彼女の心情2
次でリネア視点ラストですかね()
一度ならぬ二度までも、彼は私を助けてくれようとしている。先程、失礼な態度を取ったばかりだと言うのに。
こんな良い人に仇で返すような真似をするのは、絶対に避けなければならない。
領主様に監視されている以上、彼から断ってもらうしかないので、失礼な言葉を使ったり、依頼内容をわかりにくく説明したりなど、彼が依頼を受ける気が失せるようなことをしてみた。
それだというのに、彼は依頼を受けてしまった。
何故? そう思わずにはいられなかった。どう考えても怪しいし、関わらない方が得策だというのは誰にでもわかるはずだ。
彼にそれを問うと、こう答えた。
「君はボロボロに汚れて、ついには疲れて倒れるくらいにまで頑張ってここまで来たんだ。そんな人の言葉なら本気で向き合ってあげたいと思っただけだ」
一瞬、涙が出るかと思った。
街は狂い、両親は連れ去られ、単身でここまで来る羽目になったこのときの私は、誰かから優しくされることに飢えていたのかもしれない。

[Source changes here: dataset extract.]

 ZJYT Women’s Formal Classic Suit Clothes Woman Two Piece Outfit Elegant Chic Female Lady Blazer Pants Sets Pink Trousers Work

もう少しだけ、他人からの優しさを感じたいと思った。思ってしまった。
だから私は、彼が依頼を受けることを了承した。最悪、ガル街に入る前に諦めさせればいいのだと、そんな言い訳を自分にしながら。
このときに、彼はアルという名前だということを教えてくれた。
アルさんは想像以上に私に優しくしてくれた。
服を買ってくれたり、食べ物を買うお金をくれたり、宿を取ってくれたり、今日が初対面の私にここまでしてくれたので、私は将来アルさんが悪い人に騙されないか心配になった。
そして同時に、これ以上は駄目だと思った。
たった一日で、もう十分すぎる程厚意をもらった。これ以上優しくしてもらっては、罰が当たってしまう。
『もう付きまとわないでください』とはっきり言えば、アルさんが多少傷ついてしまうかもしれないが、身の危険からは逃れられる。

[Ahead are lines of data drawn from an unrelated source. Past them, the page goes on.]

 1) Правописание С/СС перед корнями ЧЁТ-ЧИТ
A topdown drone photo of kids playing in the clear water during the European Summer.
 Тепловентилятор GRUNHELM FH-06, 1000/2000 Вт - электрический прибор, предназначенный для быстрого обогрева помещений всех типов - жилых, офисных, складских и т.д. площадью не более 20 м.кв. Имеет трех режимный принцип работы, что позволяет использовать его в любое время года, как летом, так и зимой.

その一言さえ言えれば、それで終わりだったのに。私は言うことが出来なかった。
アルさんに傷ついてほしくなかったというわけではない、私はアルさんに離れて行ってほしくなかったのだ。
仮にアルさんを諦めさせることに成功して一人であのガル街に戻っても、街は狂ったまま。両親も帰ってくる保証はないし。領主様が他の手を考えるという保証もなかった。
いや、そんな難しい理由じゃない。
私はただ単に怖かったのだ。また一人になるのが。
結局、私は自分のワガママな心に逆らうことが出来ずに、アルさんをガル街へと連れてきてしまった。
アルさんはガル街の様子を見て驚いていた。私はもう慣れたが、最初の方は気が気でなかった。
街の様子を見せながらアルさんを私の家に案内すると、アルさんはすぐに街の調査に出掛けてしまった。
本気で依頼に取り組んでくれている証拠であり、嬉しさと罪悪感が私を襲った。
でも、もしかしたらアルさんなら街を元に戻せるかもしれない。もし無理だったとしても、何事もなく王都に帰ってくれればそれでいい。
……なんて、そんな甘い考えはすぐに消し飛んだ。
アルさんの留守を狙って、領主様が私の家を訪ねてきたからだ。
「素晴らしい。王都から一人連れてきたこと、実に見事だ。あの少年にお守りを着けさせた事に関してはあまり褒められたことじゃないが、お守りを外してしまえばリネア君がまともに話せる人が居なくなってしまうしね、特別に許してあげよう」
「……何しに、来たんですか」
そう聞くと領主様は気味の悪い笑みを浮かべ、
「なに、少し頼みがあってね」
「"命令"の間違いではないでしょうか」
「これは手厳しい」
領主様は愉快そうに笑うと、急に下卑た表情になり、
「では命令だ。彼を領主邸まで連れて来い」
「……っ!」
「そんなに怖い顔をしなくても良いだろう? まあ、怪しまれてしまっては元も子もない。一週間ほど時間をかけても構わんからじっくりとやってくれたまえ。……ただし、チャンスを逃せば……わかるね?」
「……はい」
…………そんなことは絶対に、したくなかった。
そのあと領主様がお帰りになられてすぐ、入れ替わるようにアルさんが帰ってきた。
領主邸にアルさんを連れていってはいけない。何としても、阻止しなければ。
そう決意した矢先、彼の口から、衝撃の言葉を聞いてしまった。
領主と謁見したい。そう言ったのだ。